We assembled the children in the Art Class – about a dozen 8 to 10 year olds, and made picket signs, and marched right up there, parading up and down the sidewalk. The Herald came and took pictures, which made the paper the next day. The place was set up for parking, and gravel was put down, and cars began to park there. Susan and I then made petitions and went house-to-house trying to get signatures against having the hospital built or make permanent parking on the lot.
Someone said that we really needed to get a lawyer, and that there was one who lived just a few houses down from the block in question, on Hoyt. His name was Drew Nielsen. We didn’t yet know him, but went to him, told him the situation, and he agreed to help us. He said the first thing we had to do was to get the neighbors to sign covenants not to sell their homes to the hospital.
Susan said, “Drew, I don’t know these people or how to get them to agree to do this.” Drew said, “I’ll go with you and explain to them what is involved.” He went door-to-door with Susan up and down Hoyt, in the area affected, patiently explaining to the home owners that this was the “foot in the door,” and that the hospital would eventually want to buy up more of the properties, as they planned to put the Women and Children’s Pavilion on that spot.

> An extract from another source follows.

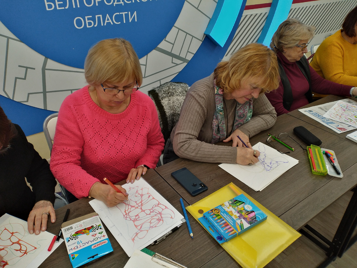 Сегодня на площадке Штаба общественной поддержки Партии «ЕДИНАЯ РОССИЯ» Ларионова Людмила Ивановна, бывший преподаватель "Детской Школы искусств № 1" города Белгорода провела для нас урок по нейрографике. Мы познакомились с самим понятием "нейрографика", узнали как правильно рисовать нейрографику, узнали, как она работает и попробовали сами нарисовать. МК прошёл интересно. Теперь мы будем не только медитировать рисуя, но и пробовать прорабатывать свои проблемы и ускорять исполнения своих желаний при помощи нейрографики. А серебряный возраст, к которому мы подошли, даёт нам время и возможность заниматься тем, чем хочется.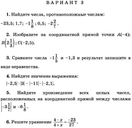 Контрольная работа по математике за 6 класс - Модуль числа, сравнение чисел

They managed to stop the progress of the hospital temporarily.
Together with him, several of us then organized the NW Neighborhood, and with the strength of numbers, and many meetings with the hospital representatives, we obtained a stay of construction. They still owned the property, but agreed to change the pavilion to the Pacific Campus. Eventually, I don’t know what year, the city bought the property from the hospital, and what was a de facto park became truly legitimate.
Through grants, and neighborhood sweat equity, the pergola was built and landscaped, play equipment was purchased, and the city kept the lawn mowed. It could not have happened without the expertise of Drew. Incidentally, he never charged any fee for all the legal work he did for the neighborhood project, becoming as passionately involved as were the other neighbors.
We all became good friends over the years of this mutual endeavor. It is a joy to see the children playing on the equipment, with parents overseeing, and families enjoying the benefits of all this work that was done with such powerful community spirit.
The NW Neighborhood Park was renamed in Drew Nielsen’s honor and we are delighted to host so many events there each year. And, in 2019, we were able to install a bike rack at the park, which is in line with his hobbies.